Tuesday, 8 May 2018

Weddings Traditions and Requirements in Barbados

Traditional wedding customs meet modern legal requirements

A bride dressed in a pristine white dress, her head hidden from view under a lace veil, takes her father's arm, and begins walking down the church aisle to her future husband as the wedding march plays.

This is the image that appears in most peoples minds when asked to describe a wedding, and your Barbados wedding can certainly be just that. It can also take a completely different route, and become any type of event you want it to be. Whatever type of wedding you choose to host, consider using some of Barbados wedding traditions to make your big day all the more special. Just make sure you've applied for your marriage license before hand so the whole ordeal is legal.

Local Wedding Customs

Wedding traditions on Barbados are not so localized that including any one of them into your own big day would feel forced or out of place.

Begin with the ceremony. Regardless of which type of service you have, an important tradition in Barbados involves the newly married couple signing all of the legal documents with the officiant before the wedding guests. Though it is not technically a tradition, a great way to honor Barbados during your ceremony is by carrying a bouquet of the island's national flower, the Pride of Barbados.

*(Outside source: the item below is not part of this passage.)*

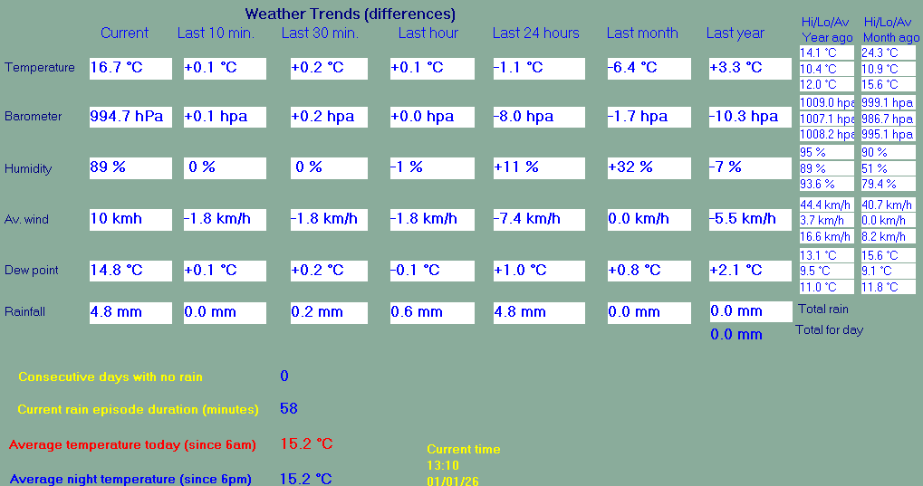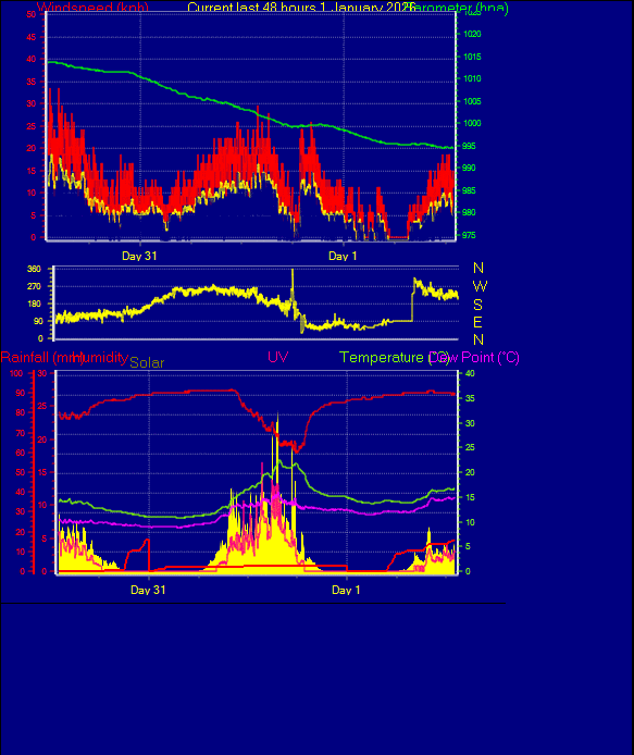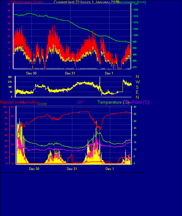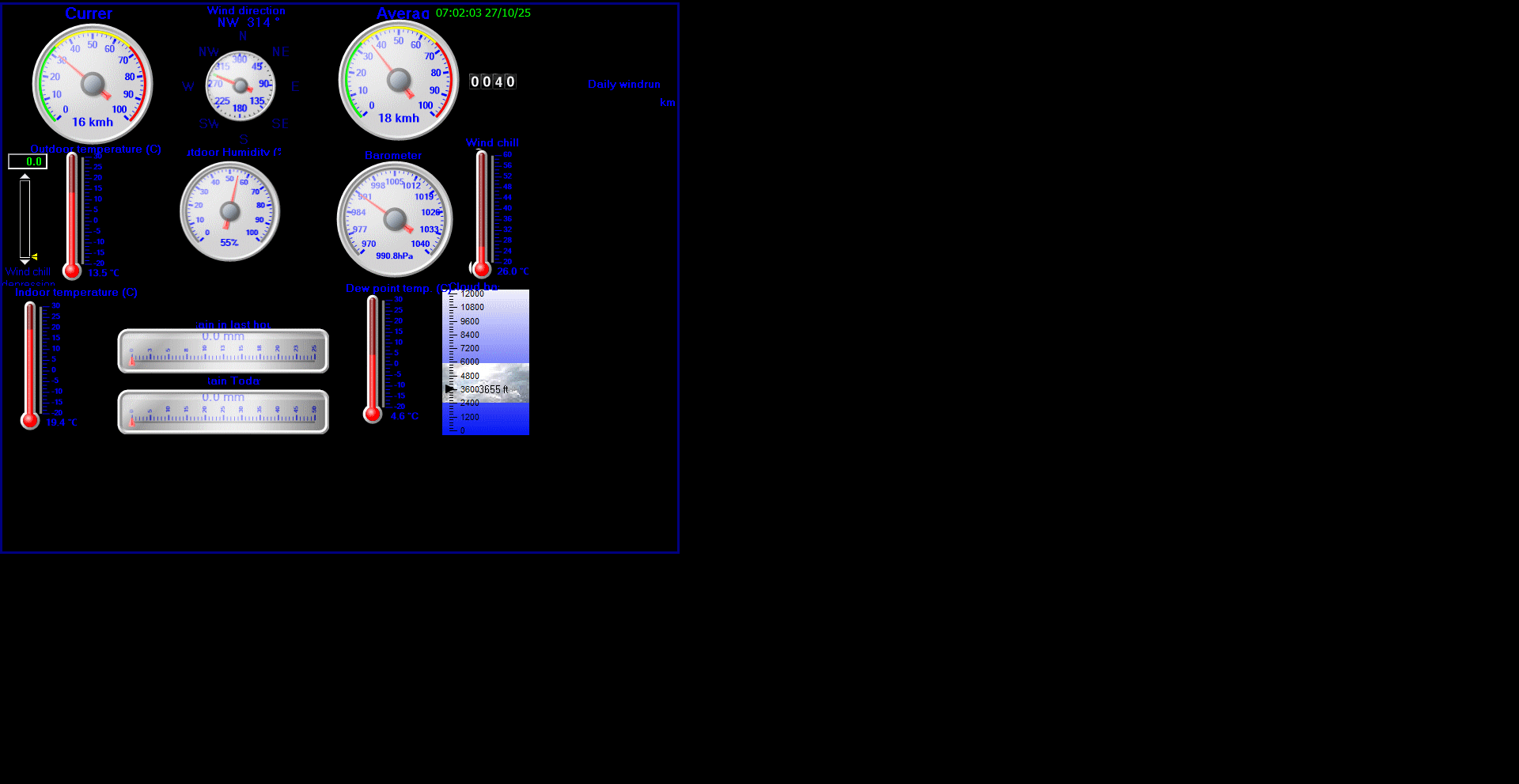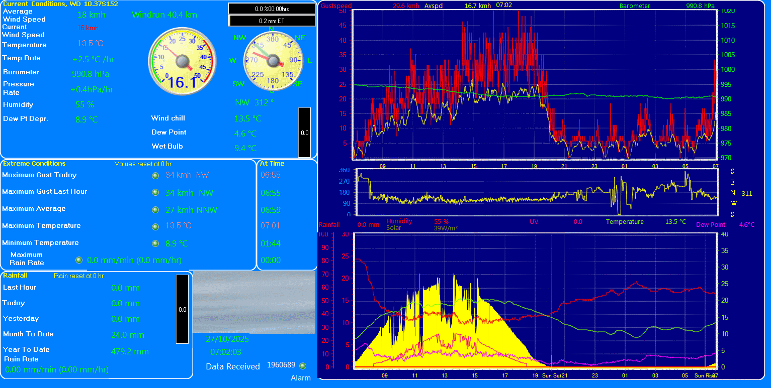 Daily high pressure 991.3 hPa Daily low pressure 990.0 hPa Daily low windchill 7.3°C Daily high heat index 13.5°C Daily high gust speed 34 kmh NW Daily high average speed 27 kmh NNW

As guests head to the reception, consider having a band of local musicians playing popular island music. The food you serve should be regional fare, such as freshly harvested seafood, fruits, and vegetables. Don't forget to offer guests flying fish, which is present at most Barbados weddings. Your cake should be a spiced fruit cake soaked in rum, as is traditional throughout much of the Caribbean. As your guests are leaving, offer them a favor of sugared almonds in gift bags tied in a ribbon of your wedding colors to incorporate one final Barbados custom into your big day.

Modern Requirements

Couples wishing to obtain a marriage license should bring the following documents to the Ministry of Home Affairs in Bridgetown:

•Certified copies of Divorce Certificate if  one or more parties has been divorced.
•Certified copies of Death Certificate if  one of the parties is a   widow or  widower.
•Certified copies of adoption certificates  that reflect any name changes.
•Valid passport or photo identification.
•Return or ongoing plane ticket.
•Notarized copies of English  translations for any documents that are  not originally worded in English.

Couples who are having a religious, rather than civil, ceremony will have to file a few more pieces of paperwork. Anglicans will need to turn in baptism certificates and a letter from their pastor or minister proving that marriage counseling has been completed. Roman Catholics will need to go the extra mile and present the following to the Ministry of Home Affairs:

•Baptismal certificates.
•Statement of freedom to marry.
•Dispensation from the Bishop of the  Diocese in the event of a mixed  marriage.
•Testimonial records from the Bishop.
•Record of confirmation.

Couples may apply for a license Monday through Friday, between the hours of 8:30 a.m. and 3:30 p.m.; the office is not open on weekends or holidays. Couples will be expected to pay $113(USD).

In Barbados there is no residency requirement and no waiting period. 
This means you could essentially get off your plane, file for your license, and get married that very day. You should be able to pick up your final marriage certificate one week after your officiant files his paperwork with the Ministry of Home Affairs, or you can make arrangements to have it mailed to you.

Whether you're hosting a religious ceremony, a wedding that includes Barbados traditions, or something somewhere in between, your destination wedding will be complimented, if not enhanced by just being on the island of Barbados. Simply apply for your marriage license when you arrive on the island, and you can be married within the hour!